*EXERCISE INSTRUCTIONS*: Copy the material below verbatim from the line with "Plus Size Pink" to the line with "3D illustration rendering", both lines included, omitting pictures and every line outside that range.

*INFORMATION SUPPLIED*:
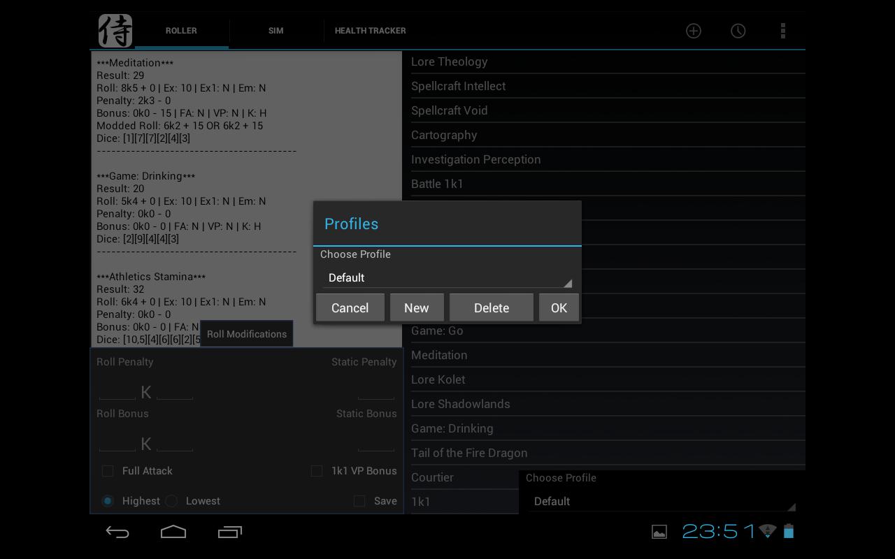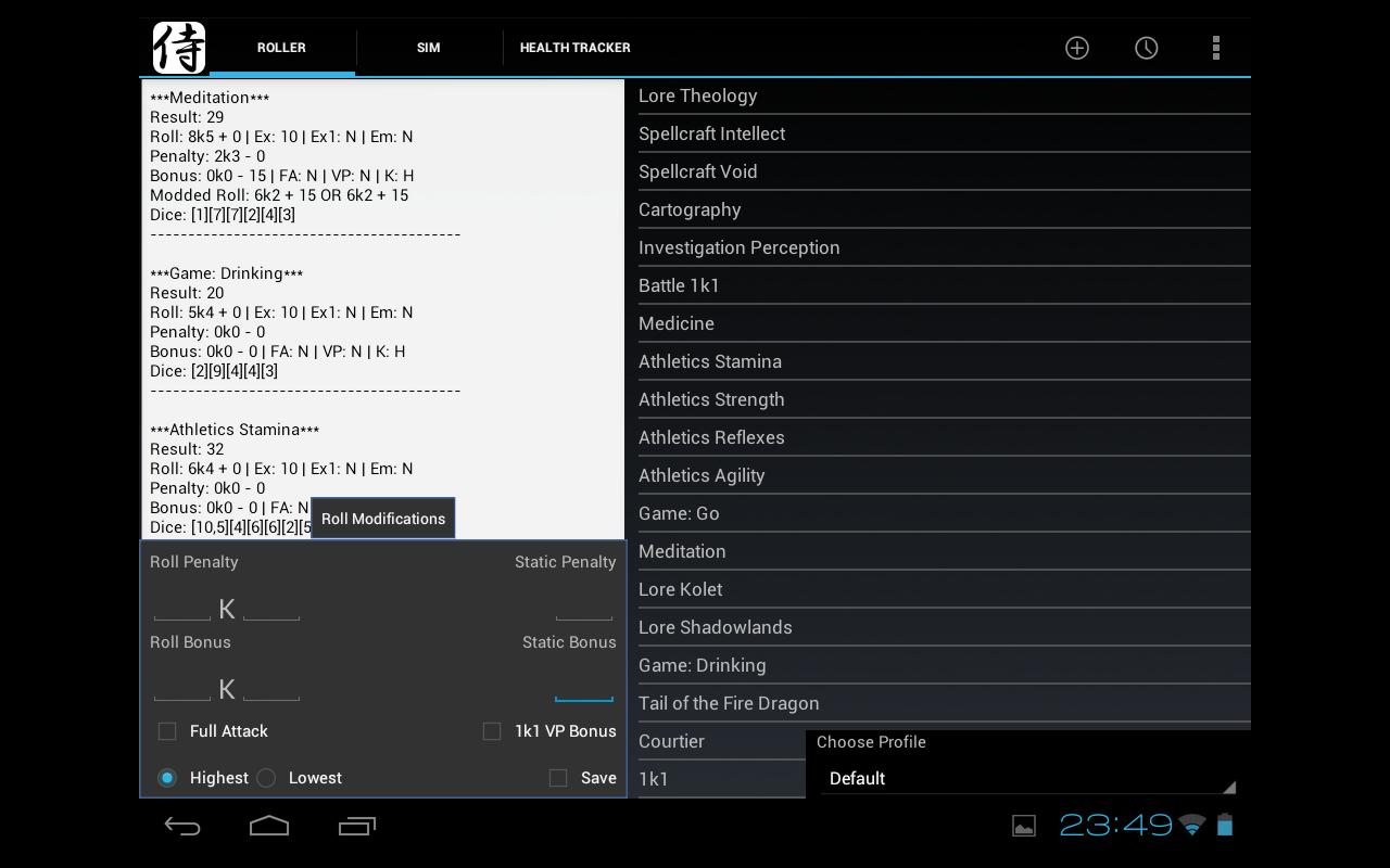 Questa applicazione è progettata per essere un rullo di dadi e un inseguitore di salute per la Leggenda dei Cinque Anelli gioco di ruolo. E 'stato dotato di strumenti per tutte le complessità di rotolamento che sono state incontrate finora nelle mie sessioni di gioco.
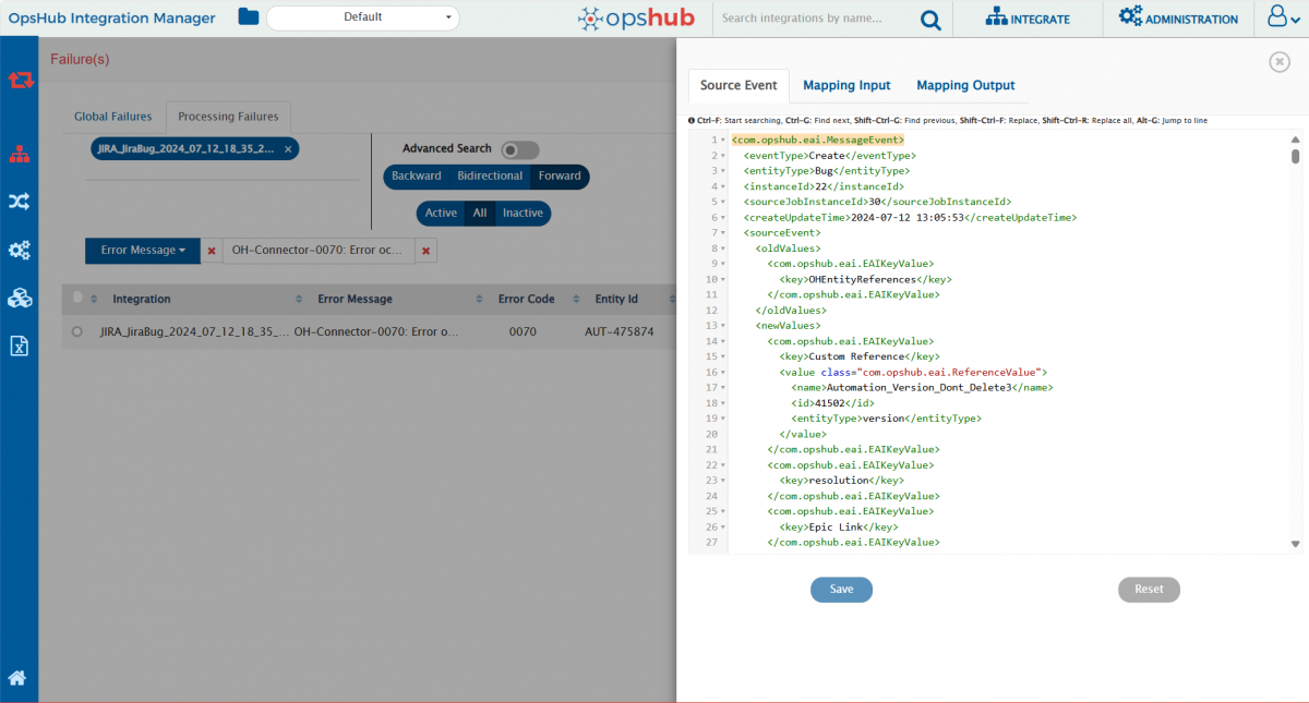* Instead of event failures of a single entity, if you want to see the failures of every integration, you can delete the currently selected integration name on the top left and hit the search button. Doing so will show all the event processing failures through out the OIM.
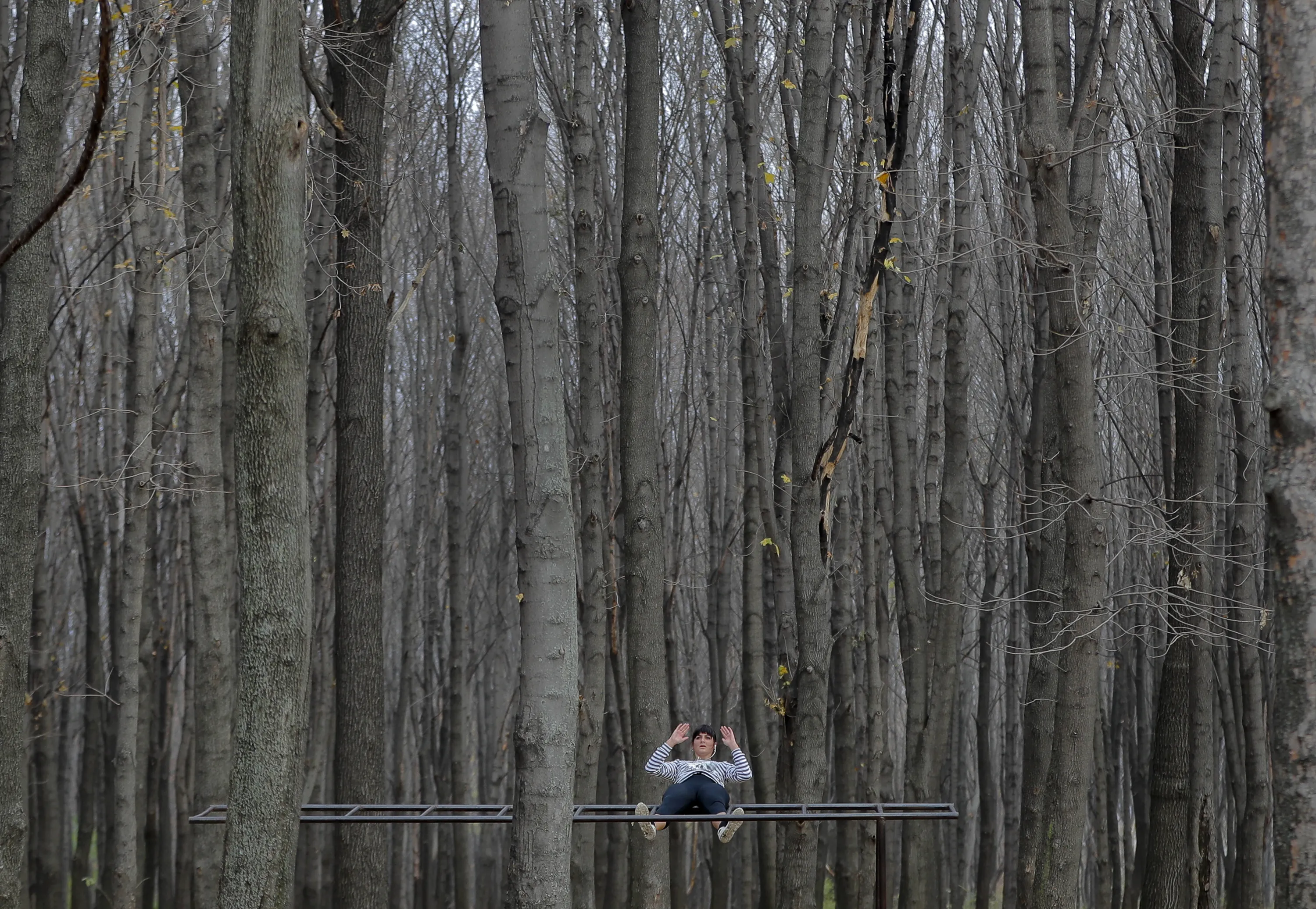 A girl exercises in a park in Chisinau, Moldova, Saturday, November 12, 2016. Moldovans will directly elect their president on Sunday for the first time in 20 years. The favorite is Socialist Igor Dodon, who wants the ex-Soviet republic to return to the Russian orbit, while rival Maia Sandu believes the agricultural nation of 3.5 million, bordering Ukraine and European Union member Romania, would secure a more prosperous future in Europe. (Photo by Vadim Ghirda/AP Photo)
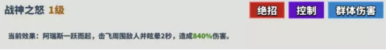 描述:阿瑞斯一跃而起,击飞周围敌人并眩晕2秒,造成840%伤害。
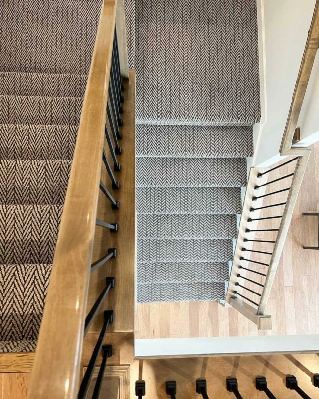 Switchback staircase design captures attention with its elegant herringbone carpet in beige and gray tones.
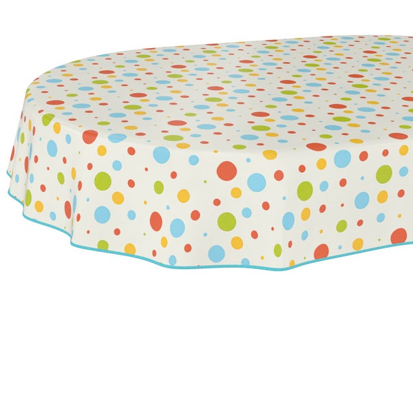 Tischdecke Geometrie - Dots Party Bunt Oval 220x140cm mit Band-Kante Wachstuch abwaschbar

--

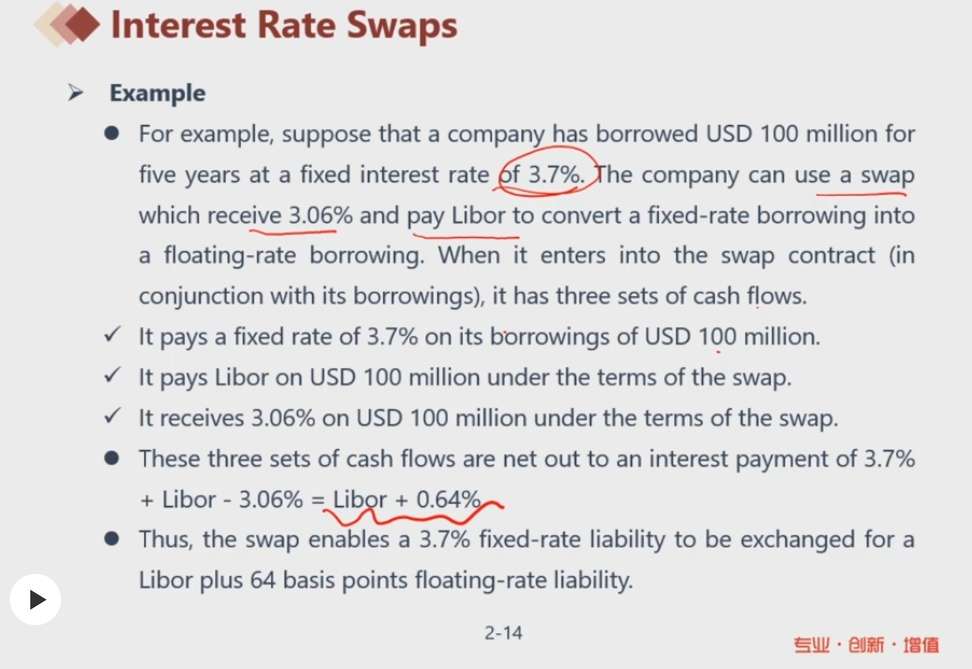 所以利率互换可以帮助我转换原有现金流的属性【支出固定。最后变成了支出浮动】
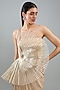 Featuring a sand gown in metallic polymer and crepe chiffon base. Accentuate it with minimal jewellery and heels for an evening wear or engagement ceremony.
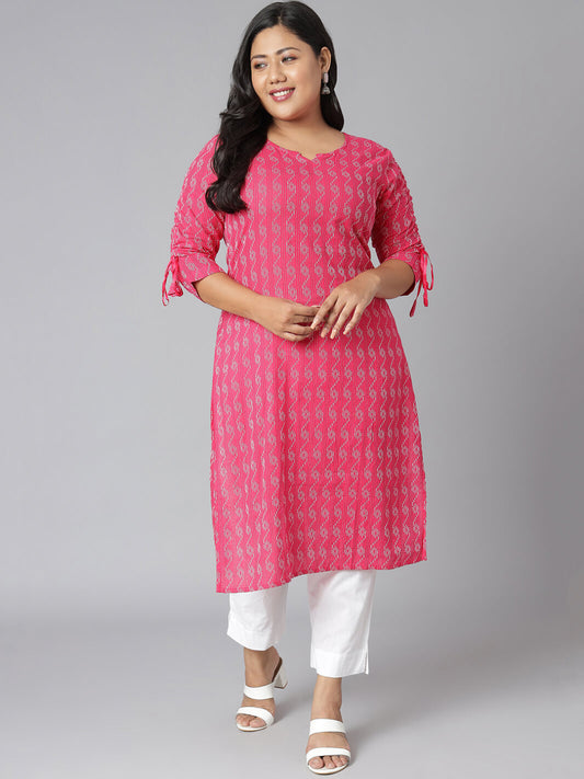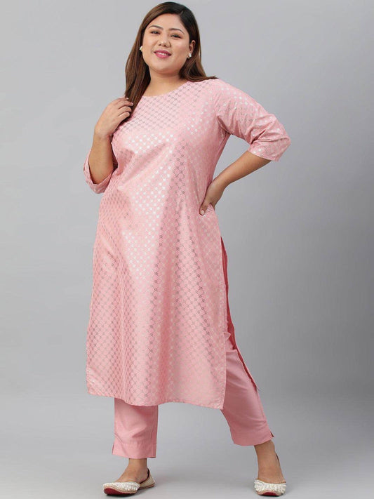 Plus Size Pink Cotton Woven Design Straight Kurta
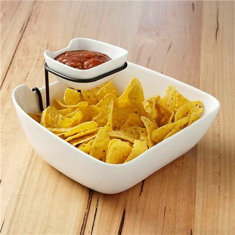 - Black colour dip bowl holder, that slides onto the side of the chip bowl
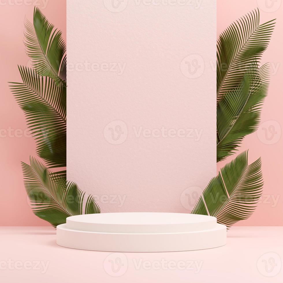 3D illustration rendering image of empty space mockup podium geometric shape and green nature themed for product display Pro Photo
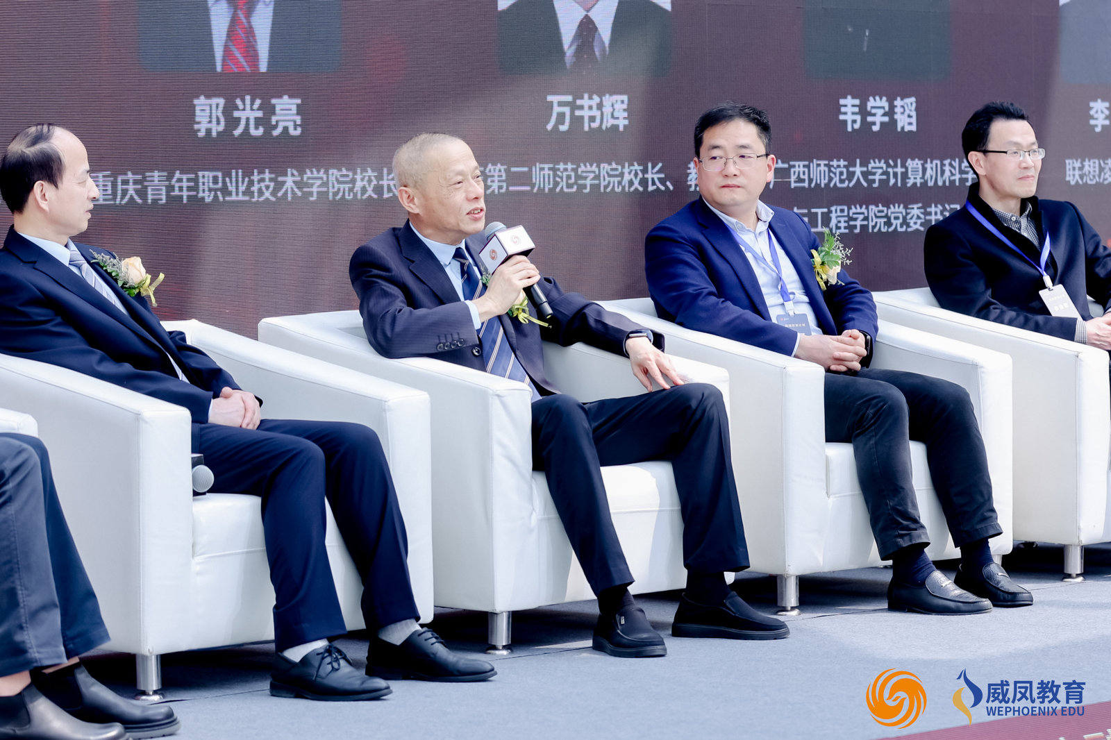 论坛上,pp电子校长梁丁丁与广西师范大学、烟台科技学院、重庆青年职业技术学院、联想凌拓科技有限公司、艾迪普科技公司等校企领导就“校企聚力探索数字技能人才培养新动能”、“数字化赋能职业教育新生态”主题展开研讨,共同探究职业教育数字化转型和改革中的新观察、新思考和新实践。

*TASK ANSWER*:
 Plus Size Pink Cotton Woven Design Straight Kurta
 - Black colour dip bowl holder, that slides onto the side of the chip bowl
 3D illustration rendering image of empty space mockup podium geometric shape and green nature themed for product display Pro Photo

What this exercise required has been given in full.